Try it :: With the pictures left out, write out exactly the lines of the listing below that run from the line with "A pair of hunting-themed" through the line with "Description – A".

____ Dataset entries

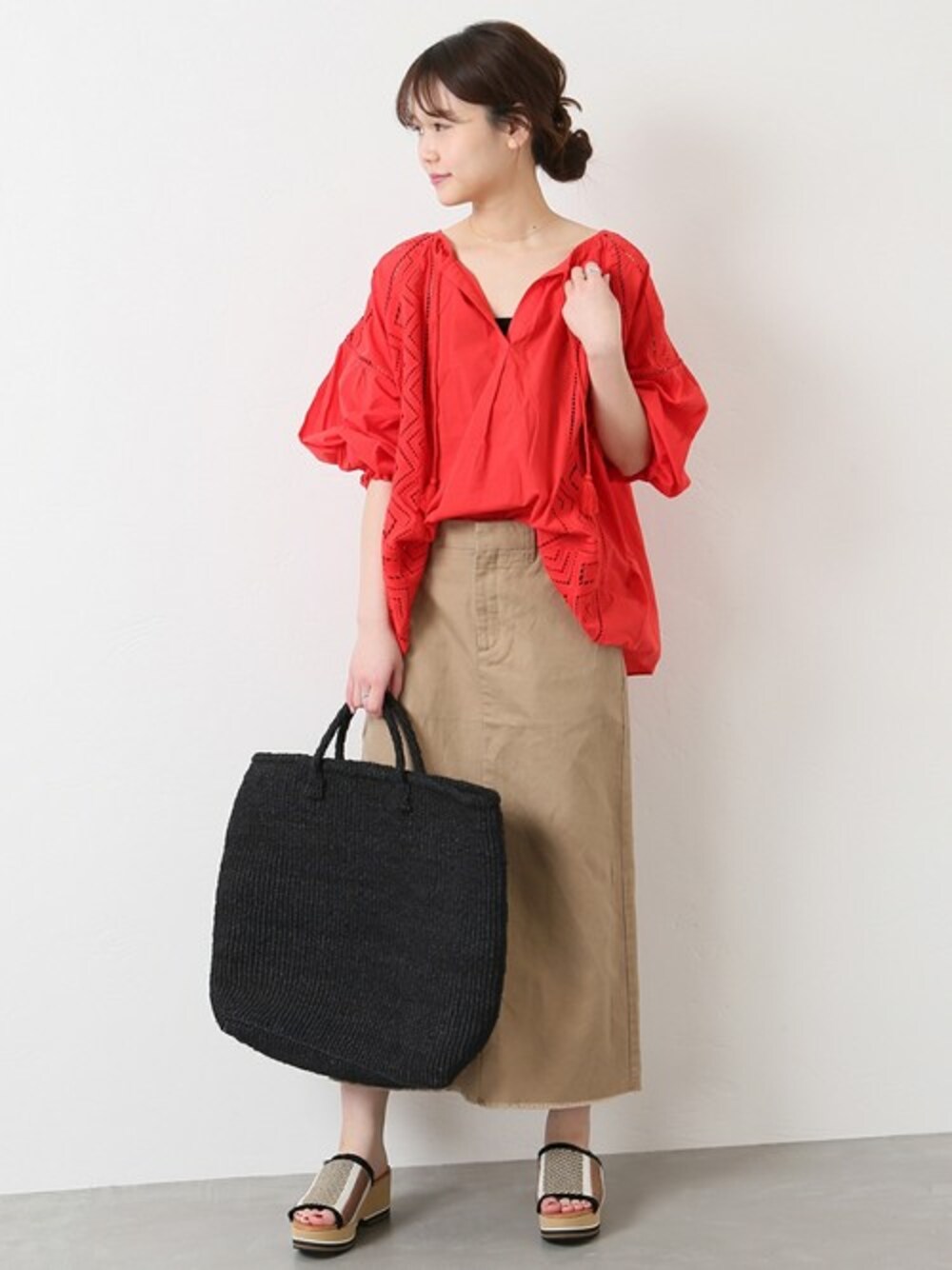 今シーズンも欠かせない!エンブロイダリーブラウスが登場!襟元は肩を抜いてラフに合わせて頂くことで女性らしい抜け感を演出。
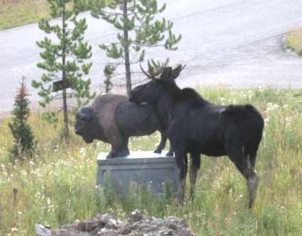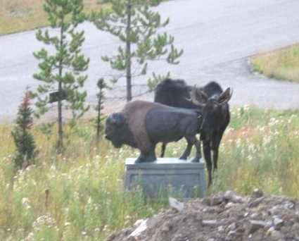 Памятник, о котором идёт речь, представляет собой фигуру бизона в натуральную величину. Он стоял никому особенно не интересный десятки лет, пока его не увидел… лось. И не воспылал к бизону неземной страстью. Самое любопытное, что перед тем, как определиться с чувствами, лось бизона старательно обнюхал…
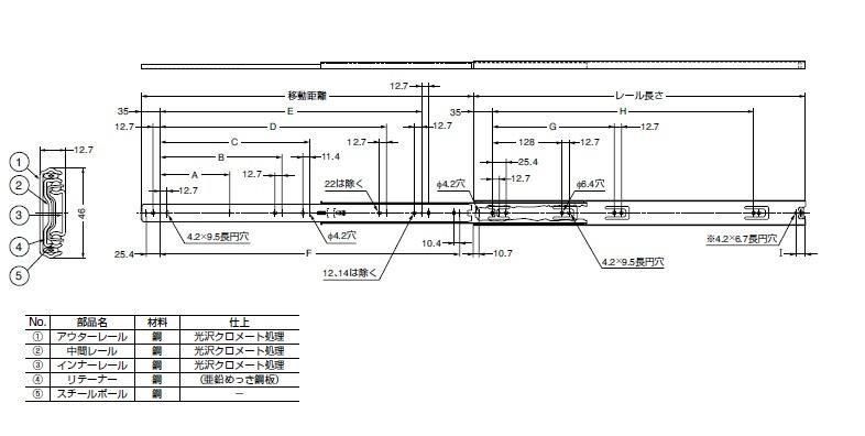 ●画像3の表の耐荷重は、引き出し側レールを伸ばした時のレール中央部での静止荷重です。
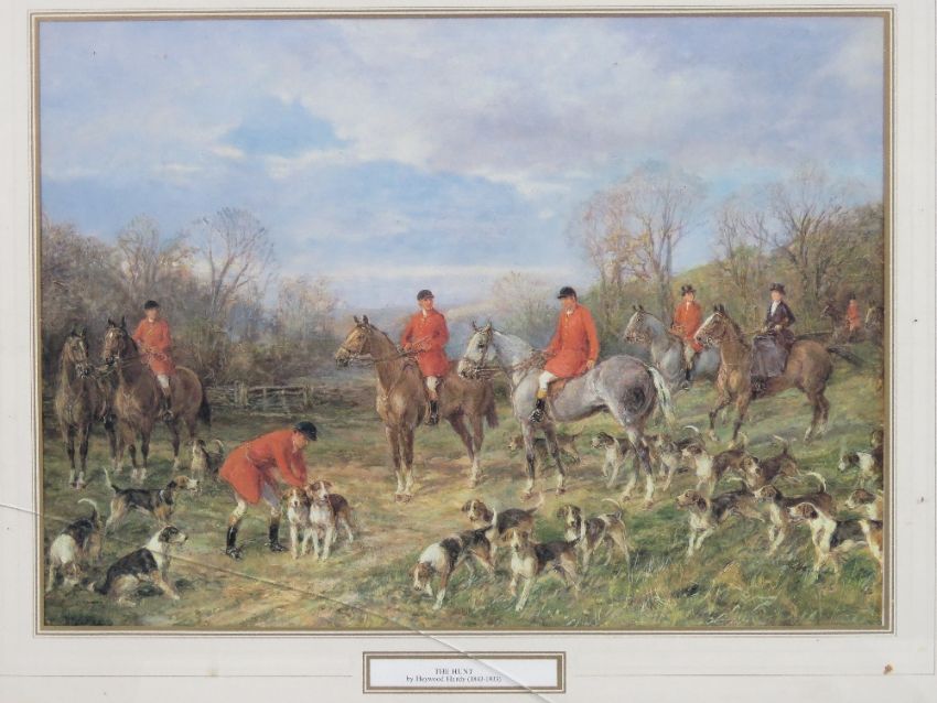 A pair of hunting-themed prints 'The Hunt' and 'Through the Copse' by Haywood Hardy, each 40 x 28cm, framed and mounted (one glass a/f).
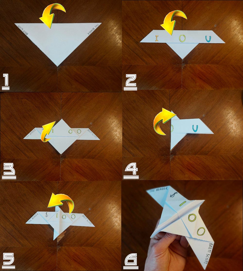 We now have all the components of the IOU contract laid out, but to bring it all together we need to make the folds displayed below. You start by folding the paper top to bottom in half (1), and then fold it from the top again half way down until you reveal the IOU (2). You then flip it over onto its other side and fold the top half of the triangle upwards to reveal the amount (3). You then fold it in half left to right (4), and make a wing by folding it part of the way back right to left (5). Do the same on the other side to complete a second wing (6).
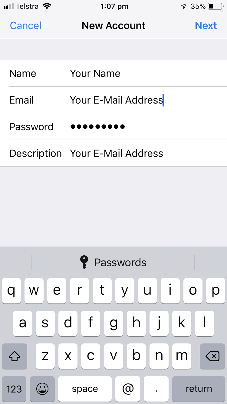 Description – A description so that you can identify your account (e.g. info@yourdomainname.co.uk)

________
____ Dataset entries

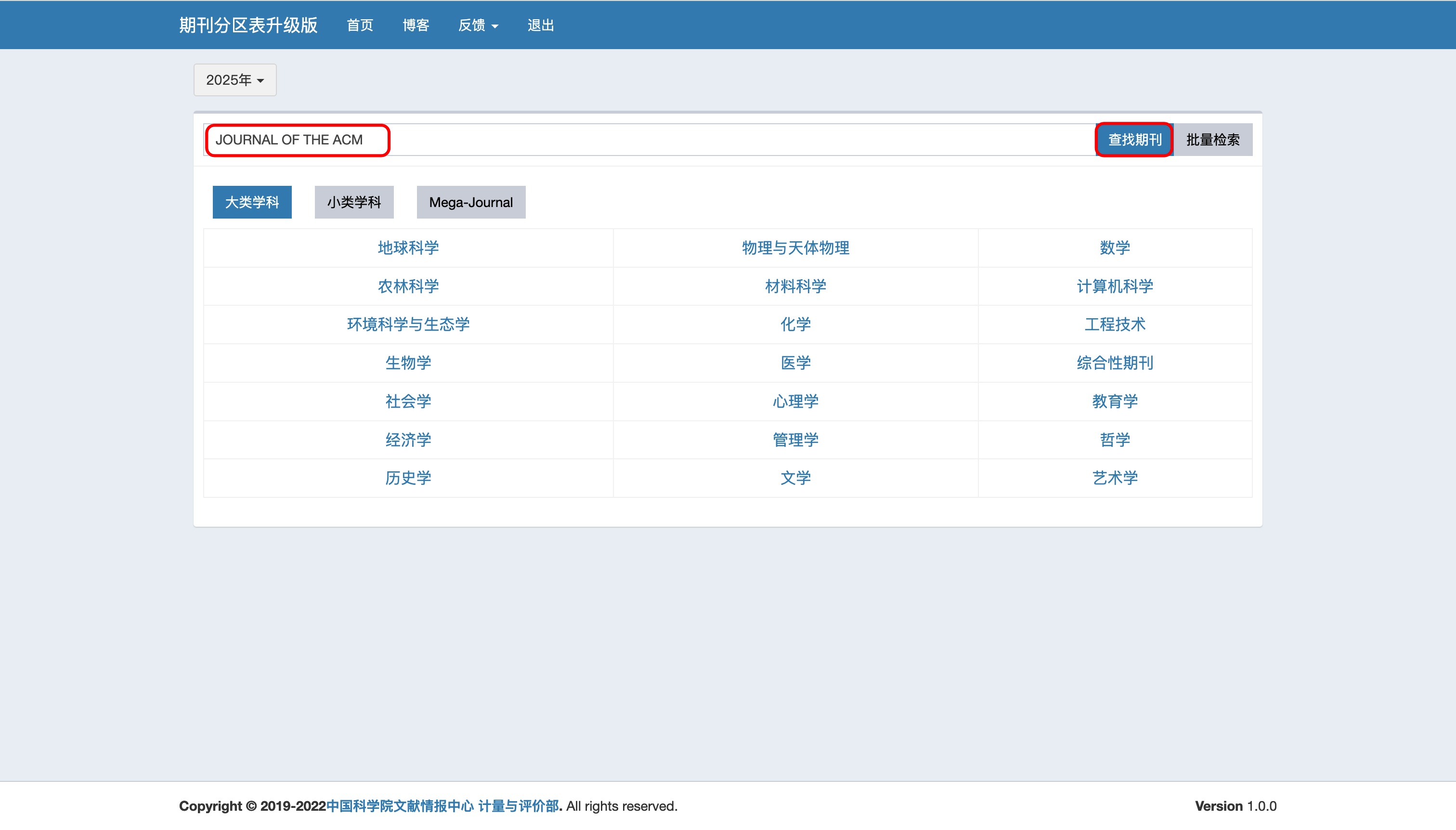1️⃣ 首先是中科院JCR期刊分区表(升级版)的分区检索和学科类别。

________

Answer for this exercise ::
 A pair of hunting-themed prints 'The Hunt' and 'Through the Copse' by Haywood Hardy, each 40 x 28cm, framed and mounted (one glass a/f).
 We now have all the components of the IOU contract laid out, but to bring it all together we need to make the folds displayed below. You start by folding the paper top to bottom in half (1), and then fold it from the top again half way down until you reveal the IOU (2). You then flip it over onto its other side and fold the top half of the triangle upwards to reveal the amount (3). You then fold it in half left to right (4), and make a wing by folding it part of the way back right to left (5). Do the same on the other side to complete a second wing (6).
 Description – A description so that you can identify your account (e.g. info@yourdomainname.co.uk)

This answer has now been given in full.